Available records:
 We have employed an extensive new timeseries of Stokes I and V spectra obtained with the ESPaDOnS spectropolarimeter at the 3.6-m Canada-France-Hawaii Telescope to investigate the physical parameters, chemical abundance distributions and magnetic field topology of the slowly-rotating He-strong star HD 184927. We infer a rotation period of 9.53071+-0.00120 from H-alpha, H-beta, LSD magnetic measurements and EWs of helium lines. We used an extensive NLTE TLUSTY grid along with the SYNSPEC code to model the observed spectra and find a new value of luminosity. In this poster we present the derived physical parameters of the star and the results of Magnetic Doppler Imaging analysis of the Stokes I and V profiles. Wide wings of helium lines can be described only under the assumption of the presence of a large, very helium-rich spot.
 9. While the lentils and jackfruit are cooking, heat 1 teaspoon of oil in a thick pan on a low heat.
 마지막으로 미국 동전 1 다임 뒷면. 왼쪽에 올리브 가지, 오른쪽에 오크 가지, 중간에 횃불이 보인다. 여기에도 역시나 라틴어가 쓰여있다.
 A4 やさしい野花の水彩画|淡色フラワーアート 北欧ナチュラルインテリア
* * *
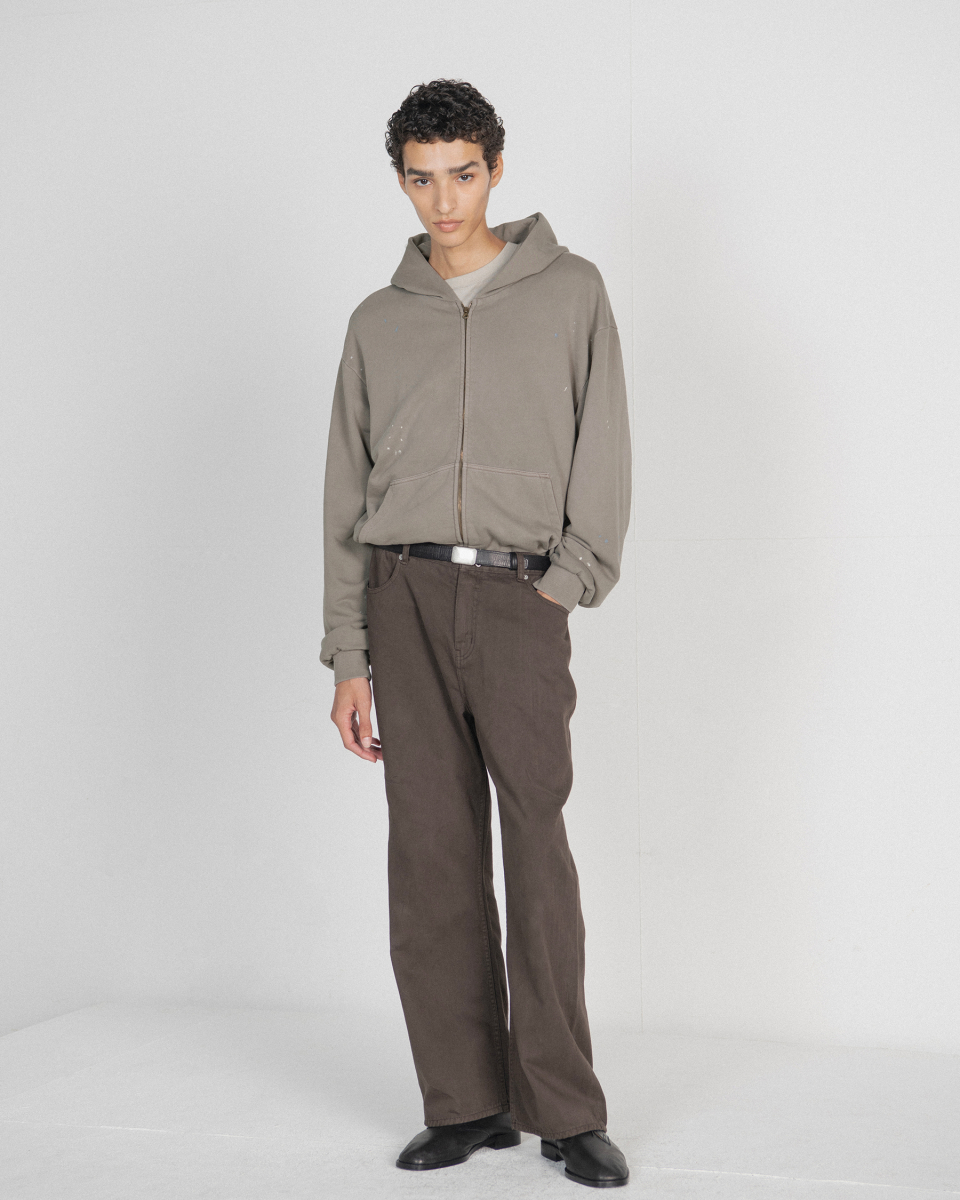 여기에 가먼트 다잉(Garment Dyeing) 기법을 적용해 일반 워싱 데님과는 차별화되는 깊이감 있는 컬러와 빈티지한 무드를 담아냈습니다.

Task statement:
Among the records above, repeat exactly the line with "9. While the", the line with "A4 やさしい野花の水彩画|淡色フラワーアート 北欧ナチュラルインテリア", and every line in between, and only those.

Solution to this exercise:
 9. While the lentils and jackfruit are cooking, heat 1 teaspoon of oil in a thick pan on a low heat.
 마지막으로 미국 동전 1 다임 뒷면. 왼쪽에 올리브 가지, 오른쪽에 오크 가지, 중간에 횃불이 보인다. 여기에도 역시나 라틴어가 쓰여있다.
 A4 やさしい野花の水彩画|淡色フラワーアート 北欧ナチュラルインテリア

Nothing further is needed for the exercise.